ImageShack® - Online Photo and Video Hosting
ImageShack® - Online Photo and Video Hosting


can v6gt suitable for my cofig

i m going to unlock 4 core  and overclock if possible 
pc running 10 hours daily for HD games 


suggest which best in these 2 
not other coolers  please


----------



## mithun_mrg (Aug 19, 2011)

H50 will give better temperatures than V6 u can find more info here
FrostyTech - Best Heat Sinks & PC Cooling Reviews

BTW i recommend this against H50 
Buy CPU Cooler | Cool IT System


----------



## d6bmg (Aug 20, 2011)

H50 is better than V6.


----------



## topgear (Aug 21, 2011)

But CM V6GT is safer to use


----------



## d6bmg (Aug 21, 2011)

topgear said:


> But CM V6GT is safer to use



Water leaking incident, right?
And V6GT is better looking too, thanks to awesome design & color changeable LEDs.


----------



## Tenida (Aug 21, 2011)

I will suggest to go with noctua usp12P SE2.Lot better than v6gt and h50.

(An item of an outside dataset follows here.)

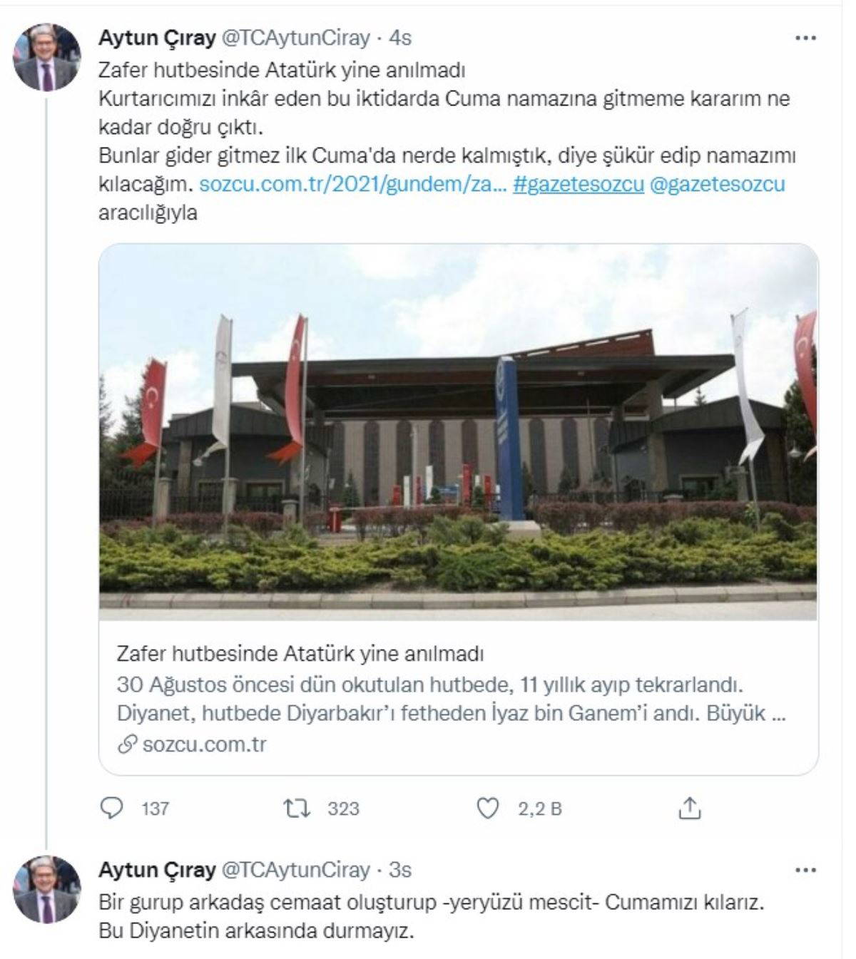Sosyal medya hesabından Diyanet'e tepki gösteren İYİ Partili Aytun Çıray, "Zafer hutbesinde Atatürk yine anılmadı. Kurtarıcımızı inkâr eden bu iktidarda Cuma namazına gitmeme kararım ne kadar doğru çıktı. Bunlar gider gitmez ilk Cuma'da nerde kalmıştık, diye şükür edip namazımı kılacağım” dedi.

or Coolermaster hyper 212 plus with 2x cm xytraflow fan(push-pull confifugaration)


----------



## topgear (Aug 22, 2011)

d6bmg said:


> Water leaking incident, right?
> And V6GT is better looking too, thanks to awesome design & color changeable LEDs.



yep, you got that right and CM V6GT looks uber cool 
If OP is ready bite the bullet he can go with H50.
or else he can also consider the suggestion given by Tenida or get Noctua NH-D14 
*www.frostytech.com/top5heatsinks.cfm


----------